Now let’s see about missing data.
## [1] 88
We do have missing data, so we will need to preprocess. The first part of the problem asks us to do Principle Component Regression. Let’s do it using the caret
package.
## Loading required package: lattice
## Loading required package: ggplot2
train(x = predictors,
y = response,
method = "pcr",
preProcess = c("center", "scale", "medianImpute", "nzv"))
## Principal Component Analysis
##
## 130 samples
## 57 predictor
##
## Pre-processing: centered (56), scaled (56), median imputation (56), remove (1)
## Resampling: Bootstrapped (25 reps)
## Summary of sample sizes: 130, 130, 130, 130, 130, 130, ...
## Resampling results across tuning parameters:
##
## ncomp RMSE Rsquared MAE
## 1 1.923932 0.2143977 1.453886
## 2 1.931708 0.2811579 1.376702
## 3 2.100334 0.2650185 1.393008
##
## RMSE was used to select the optimal model using the smallest value.
## The final value used for the model was ncomp = 1.
I think we need to expand our tune grid a bit.
tuneGrid <- data.frame(ncomp = 1:20)
pca_mod <- train(x = predictors,
y = response,
method = "pcr",
tuneGrid = tuneGrid,
preProcess = c("center", "scale", "medianImpute", "nzv"))

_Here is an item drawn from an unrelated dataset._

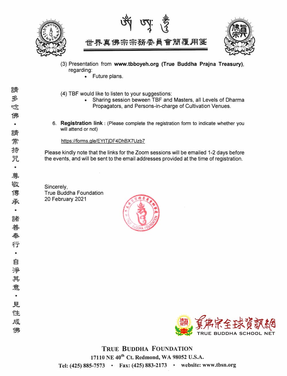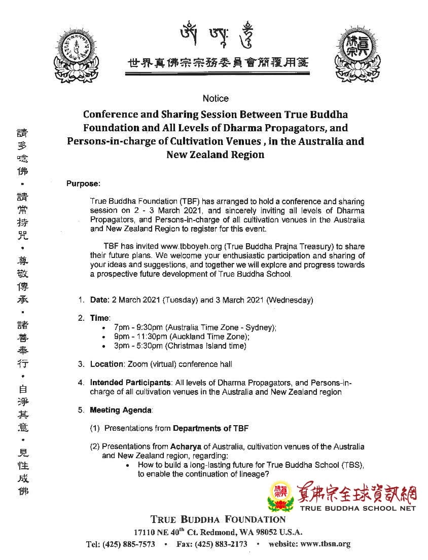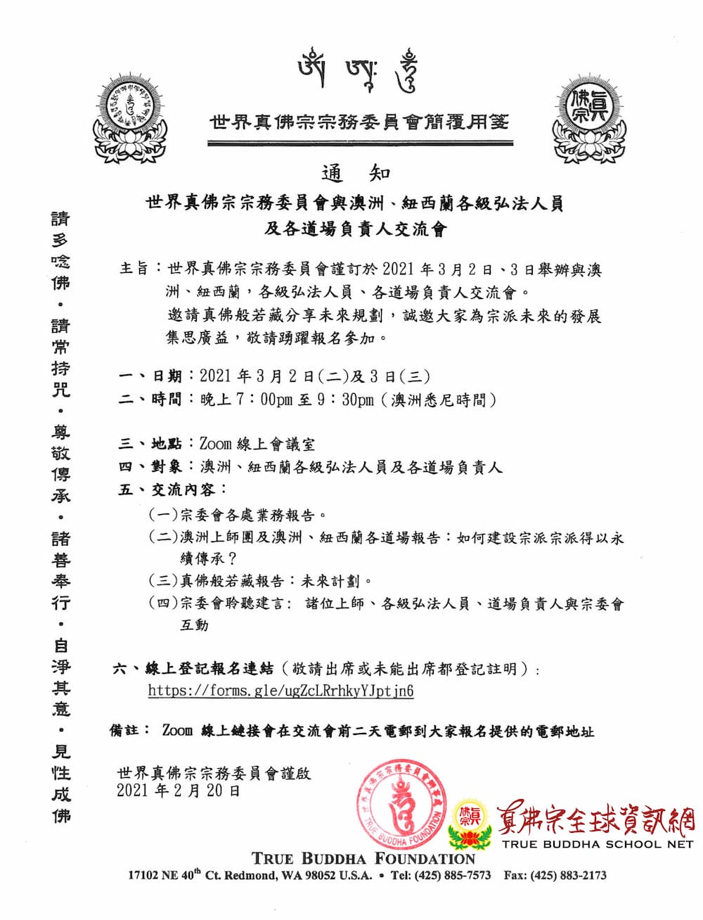 主旨:世界真佛宗宗務委員會謹訂於2021年3月2日、3日舉辦與澳洲、紐西蘭,各級弘法人員、各道場負責人交流會。

apply(pca_mod$results[,c(2, 5)], 1, sum)
## 1 2 3 4 5 6 7 8
## 2.538925 2.217215 2.620412 2.848612 3.369809 3.308128 3.522237 3.580313
## 9 10 11 12 13 14 15 16
## 3.180316 3.338443 3.340587 3.059151 3.000264 2.828649 2.497024 2.321957
## 17 18 19 20
## 2.285783 2.486719 2.498090 2.882467
The smallest value 1 se away from the estimated MSE is 2.2172154. So, by our one se rule of them, we will choose
ncomp <- which(pca_mod$results[,2] < min(apply(pca_mod$results[,c(2, 5)], 1, sum)))
ncomp <- min(ncomp)
ncomp
## [1] 1
This says that we need one component, and our estimate for the MSE is roughly \(2.1 \pm .92\).
## [1] 2.07493
## [1] 0.4639948
Let’s check it out on our test set that we haven’t touched yet. We first have to apply the same pre-processing steps to the test data as we did to the train data.
preprocess_mod <- preProcess(predictors,
method = c("scale", "center", "medianImpute", "nzv"))
test_predictors <- test_dat[,-1]
test_response <- test_dat[,1]
test_processed <- predict(preprocess_mod, newdata = test_predictors)
Now we can predict the outcomes on the test set.
## 117 133 96 102 169 20 55 146
## 39.93165 39.74174 40.10136 39.30054 41.14235 41.81163 40.79884 39.44937
## 37 110 94 73 88 115 123 157
## 40.45314 39.15261 40.59883 40.08035 39.65718 39.45967 39.87382 39.39827
## 35 57 176 49 164 158 70 138
## 40.92926 40.33136 41.02257 41.98764 39.31417 39.31910 40.22380 38.95523
## 80 132 95 121 153 11 98 105
## 40.32705 40.15179 40.18415 38.89349 39.57619 41.29336 40.03982 39.59950
## 114 23 26 77 118 76 66 51
## 39.88256 40.17518 40.30996 40.18995 39.22107 40.53561 40.15405 40.77907
## 54 68 60 100 17 109
## 40.39532 40.30252 40.63361 39.44431 41.76909 39.70861
errors <- predict(pca_mod$finalModel, newdata = test_processed, ncomp = 1)[,,1] - test_response
mean(errors^2)
## [1] 2.621208
This value is within 2 se of the predicted value based on CV.